Stored data entries:

# # # # # # #

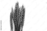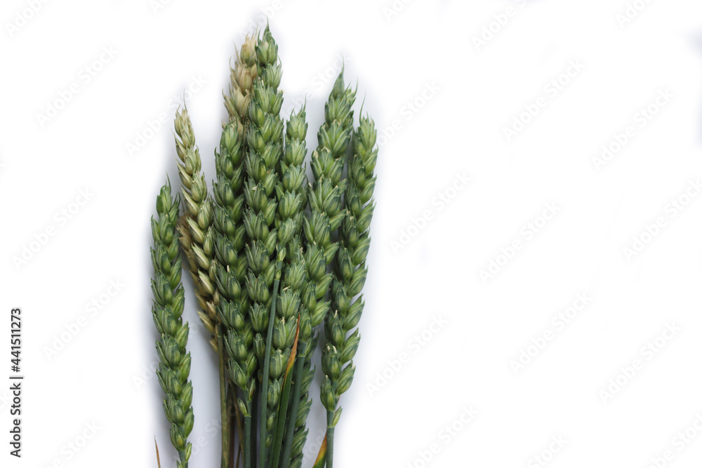 Green wheat plants with seeds isolated on white background. Triticum aestivum
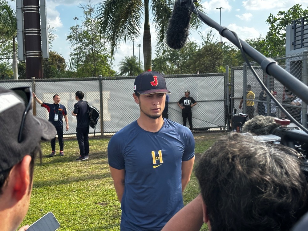 2023年大会時、マイアミでのチーム練習後に取材対応するダルビッシュ
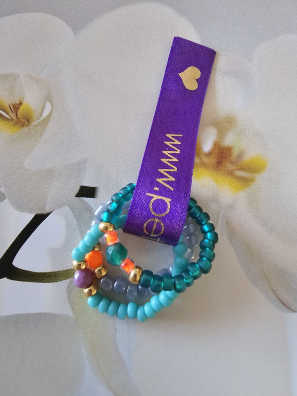 Ringetjes by PS♡Elastische ringetjes by PS♡Ik rijg zomerse ringetjes op soepel elastiek met Miyukikraaltjes en Rocailles. En soms een toevoeging DQ metaal met gouden plating.Omtrek lengte gemiddeld 6 cm. De ringetjes zijn rekbaar.Setje van drie…
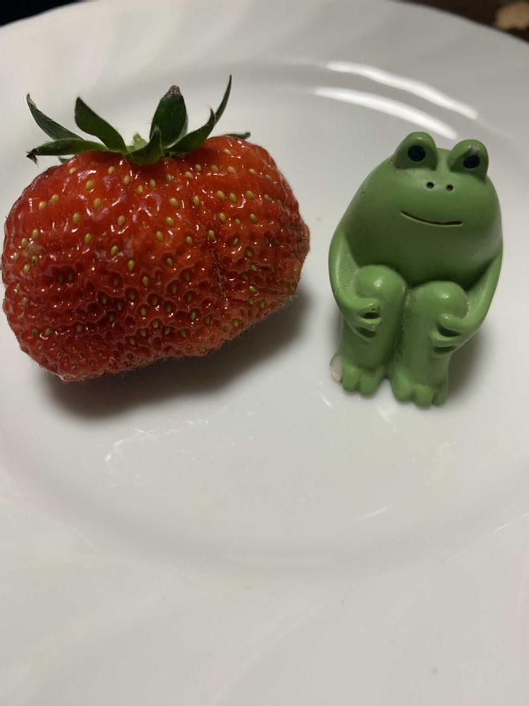 ②イチゴが大きく実りました(かえるちゃん4㎝弱)
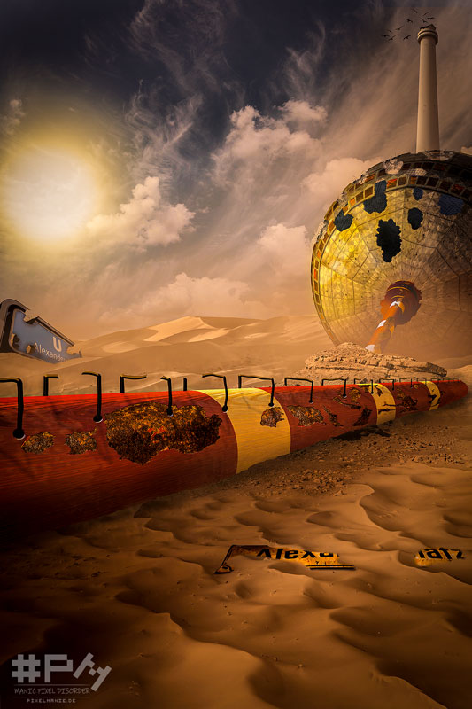Realisiert mit den 3D Funktionen von Photoshop (Kugel + Sendemast) und diversen Stockfotos von Fotolia (Himmel, Wüste, U-Bahnstation). Das Bild hat in der Finalversion eine Dateigröße von 4 Gigabyte und 360 Ebenen.

# # # # # # #

__HOW TO COMPLETE THIS TASK__. Please ensure that the data above is repeated exactly, with no pictures in the copy.

__RESULT__.
 Green wheat plants with seeds isolated on white background. Triticum aestivum
 2023年大会時、マイアミでのチーム練習後に取材対応するダルビッシュ
 Ringetjes by PS♡Elastische ringetjes by PS♡Ik rijg zomerse ringetjes op soepel elastiek met Miyukikraaltjes en Rocailles. En soms een toevoeging DQ metaal met gouden plating.Omtrek lengte gemiddeld 6 cm. De ringetjes zijn rekbaar.Setje van drie…
 ②イチゴが大きく実りました(かえるちゃん4㎝弱)
Realisiert mit den 3D Funktionen von Photoshop (Kugel + Sendemast) und diversen Stockfotos von Fotolia (Himmel, Wüste, U-Bahnstation). Das Bild hat in der Finalversion eine Dateigröße von 4 Gigabyte und 360 Ebenen.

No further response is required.